The eight-member senior class that played together for the last time in Laurel can make a strong argument, as Lacey said, that they are the most successful class to ever come through the storied program. This group is the first to ever play in three straight state title matches, losing to Belgrade in 2017 with a starting lineup littered with freshmen and sophomores, and perhaps no team has ever had as much depth as this one. The Bulldogs routinely went 24 players deep during the regular season, had nine different players score at least four goals on the year, and boasted three of the five leading point scorers in the state, including the top two, Casey Schneider (18 goals, 16 assists) and Sam Menicke (17 goals, 11 assists).

But perhaps the most remarkable thing about Whitefish’s coronation was just how predictable it all was.

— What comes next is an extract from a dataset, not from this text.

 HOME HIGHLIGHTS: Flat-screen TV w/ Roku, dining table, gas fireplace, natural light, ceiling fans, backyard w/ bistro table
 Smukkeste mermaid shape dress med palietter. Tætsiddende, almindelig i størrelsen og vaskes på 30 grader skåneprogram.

The Bulldogs returned 10 of 11 starters from the 2018 team, and the expectation entering the season was nothing less than an undefeated state title. One of the team’s mantras, that goals win games, is both plainly true and an expression of the club’s insatiable killer instinct. Whitefish plays an aggressive, scoring-centric style, and the Bulldogs regularly found the back of the net quickly in matches this year, something that only ratcheted up the pressure on opponents who knew they had to keep things low scoring to have any chance to compete. Whitefish was so good, in fact, that all-state senior defender Joseph Houston, one of four team captains with Lacey, Schneider and Menicke, spent most of the 2019 season admiring his teammates while the grass grew around him.

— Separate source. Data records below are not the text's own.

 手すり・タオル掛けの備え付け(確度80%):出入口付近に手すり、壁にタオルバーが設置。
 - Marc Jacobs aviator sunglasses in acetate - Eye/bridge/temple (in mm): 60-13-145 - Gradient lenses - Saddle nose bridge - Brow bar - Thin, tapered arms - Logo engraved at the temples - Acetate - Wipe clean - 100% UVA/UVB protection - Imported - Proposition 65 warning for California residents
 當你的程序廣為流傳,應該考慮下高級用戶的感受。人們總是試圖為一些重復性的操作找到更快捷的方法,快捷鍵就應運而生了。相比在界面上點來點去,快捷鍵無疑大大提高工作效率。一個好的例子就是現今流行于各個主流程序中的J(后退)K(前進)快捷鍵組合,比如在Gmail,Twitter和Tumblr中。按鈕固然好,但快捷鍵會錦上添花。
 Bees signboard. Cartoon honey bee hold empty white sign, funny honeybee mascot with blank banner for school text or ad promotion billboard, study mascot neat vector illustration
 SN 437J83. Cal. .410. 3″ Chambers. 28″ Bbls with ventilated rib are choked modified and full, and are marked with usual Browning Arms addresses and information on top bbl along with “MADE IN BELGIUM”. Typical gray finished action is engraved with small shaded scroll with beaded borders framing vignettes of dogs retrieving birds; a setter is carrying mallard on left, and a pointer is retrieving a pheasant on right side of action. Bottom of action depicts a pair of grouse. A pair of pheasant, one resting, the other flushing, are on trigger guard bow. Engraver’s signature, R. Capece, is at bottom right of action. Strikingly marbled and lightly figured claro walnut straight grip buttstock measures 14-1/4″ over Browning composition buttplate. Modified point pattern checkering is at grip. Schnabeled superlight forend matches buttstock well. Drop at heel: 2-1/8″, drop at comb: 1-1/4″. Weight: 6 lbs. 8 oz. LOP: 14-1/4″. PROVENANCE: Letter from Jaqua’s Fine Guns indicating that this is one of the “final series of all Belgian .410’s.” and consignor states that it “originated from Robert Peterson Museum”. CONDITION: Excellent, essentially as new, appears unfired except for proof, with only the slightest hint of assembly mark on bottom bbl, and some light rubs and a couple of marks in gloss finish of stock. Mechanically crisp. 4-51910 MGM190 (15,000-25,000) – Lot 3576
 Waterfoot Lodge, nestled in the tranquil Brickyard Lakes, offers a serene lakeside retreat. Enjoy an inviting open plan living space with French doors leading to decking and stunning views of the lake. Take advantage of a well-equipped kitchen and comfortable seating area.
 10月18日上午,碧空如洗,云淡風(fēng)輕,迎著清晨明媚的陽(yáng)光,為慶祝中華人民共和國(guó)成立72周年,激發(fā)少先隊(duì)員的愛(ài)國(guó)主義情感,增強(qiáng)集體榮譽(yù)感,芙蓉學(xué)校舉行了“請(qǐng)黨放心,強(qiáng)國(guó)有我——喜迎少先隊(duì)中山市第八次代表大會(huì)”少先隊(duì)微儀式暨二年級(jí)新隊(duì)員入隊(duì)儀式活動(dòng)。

“I wouldn’t say it was as much fun (this year), especially coming from me playing center back,” Houston said, somewhat cheekily. “I got a lot more action in previous years, but it was fun watching from the back and watching my teammates succeed.”

Casey Schneider of the Whitefish Bulldogs takes a shot on goal during Class A semifinal match at Smith Fields in Whitefish on Oct. 26, 2019. Hunter D’Antuono | Flathead Beacon

As much as anything, Whitefish’s greatest challenge was staving off complacency and resisting the temptation to rest on their well-earned laurels. Part of what prevented that from happening was Whitefish itself, and not just the history the Bulldogs were chasing. Head Coach John Lacey trains his entire program together, which means no separate junior varsity and varsity practices. Those full practices allow young players to sharpen their skills by routinely matching up against the best talent in the state and push veterans to remain diligent lest they lose their spot to an improving underling. The program’s size — there are 33 boys soccer players at Whitefish, one of, if not the, largest roster in the state — is built on the school’s strong history and tradition, but even the head coach knows team numbers are the kind of thing that ebbs and flows, no matter the school.

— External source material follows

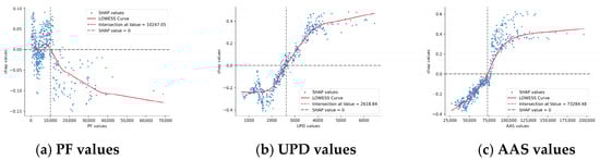 The Human Resource dimension shows an overall trend similar to a logarithmic function in relation to urban innovation cooperation (Figure 7). Both AAS and the UPD witness a gradual increase in SHAP values along with the growth of their respective numerical values, while the growth rate slows down. At the same time, when the value of both factors exceeds a certain threshold, they will change rapidly, which greatly improves the contribution to urban innovation cooperation. However, the passenger flow factor (PF) has a relatively low concentration degree, generally showing a transition from positive promotion to negative inhibition as the value increases. To explain this phenomenon, we can consider it from the perspective of brain drain. A large number of personnel flows, to some extent, indicates a severe brain drain, which in turn leads to a decline in urban innovation cooperation [92,93].
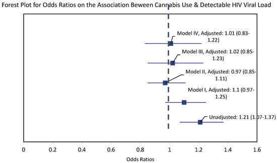 Unadjusted analyses for overall association with detectable viral load. In unadjusted analyses, PWH with any past-year cannabis use had 21% greater odds of a detectable virus than those with no past-year use (OR = 1.21; 95% CI, 1.07–1.37) (Table 2, Figure 2).

“Whitefish is just in a great spot now in soccer,” Lacey said. “I know it’s not going to last forever and we’re certainly appreciating it right now.”

The Bulldogs lose eight seniors from this year’s team but will still be among the handful of teams discussed as potential 2020 state champions, with juniors Ian Grover, Brandon Mendoza, Joshua Gunderson and sophomore Gabe Menicke poised to step into the spotlight. In the meantime, the seniors that carried the Whitefish tradition forward and added two more championship plaques to an overflowing trophy case are still processing the end of an incredible run.

“It’s been amazing,” Sam Menicke said. “It’s just the best way it could have ended, being in the state final three years in a row has been unbelievable.”

“It’s surreal and I think I sometimes take it for granted,” Schneider said. “I think what’s going to allow me to appreciate it is just time. I think I’ll appreciate it much more (in a few years).”

By then, no doubt, a new group of Whitefish boys will be talking about the days when they watched the mythical 2019 team pile up goals, wins and titles. And they’ll be plotting a new history all their own.